··· DATA SHOWN

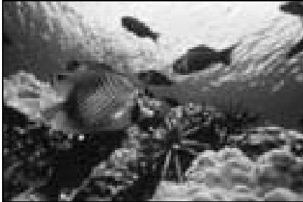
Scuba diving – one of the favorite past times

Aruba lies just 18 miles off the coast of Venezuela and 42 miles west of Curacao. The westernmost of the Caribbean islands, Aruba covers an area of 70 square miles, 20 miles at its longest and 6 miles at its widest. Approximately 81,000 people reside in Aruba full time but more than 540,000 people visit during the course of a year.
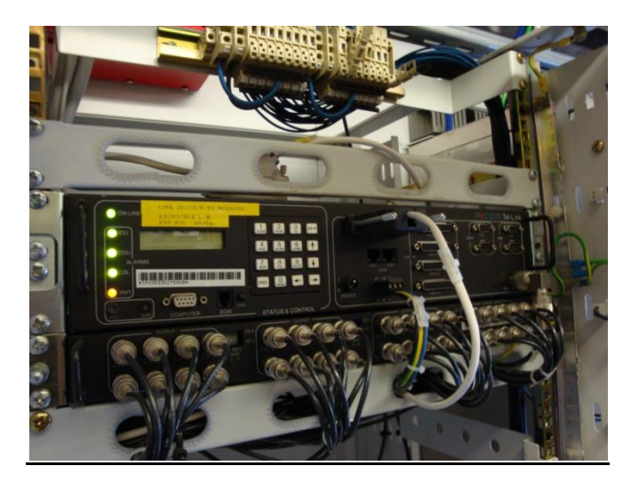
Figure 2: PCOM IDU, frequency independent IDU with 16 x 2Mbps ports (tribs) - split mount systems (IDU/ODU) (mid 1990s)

······

▸ **WHAT TO WORK ON**
Word for word, reproduce the listing above; no image should be carried over.

▸ **RESPONSE AREA**
Scuba diving – one of the favorite past times

Aruba lies just 18 miles off the coast of Venezuela and 42 miles west of Curacao. The westernmost of the Caribbean islands, Aruba covers an area of 70 square miles, 20 miles at its longest and 6 miles at its widest. Approximately 81,000 people reside in Aruba full time but more than 540,000 people visit during the course of a year.
Figure 2: PCOM IDU, frequency independent IDU with 16 x 2Mbps ports (tribs) - split mount systems (IDU/ODU) (mid 1990s)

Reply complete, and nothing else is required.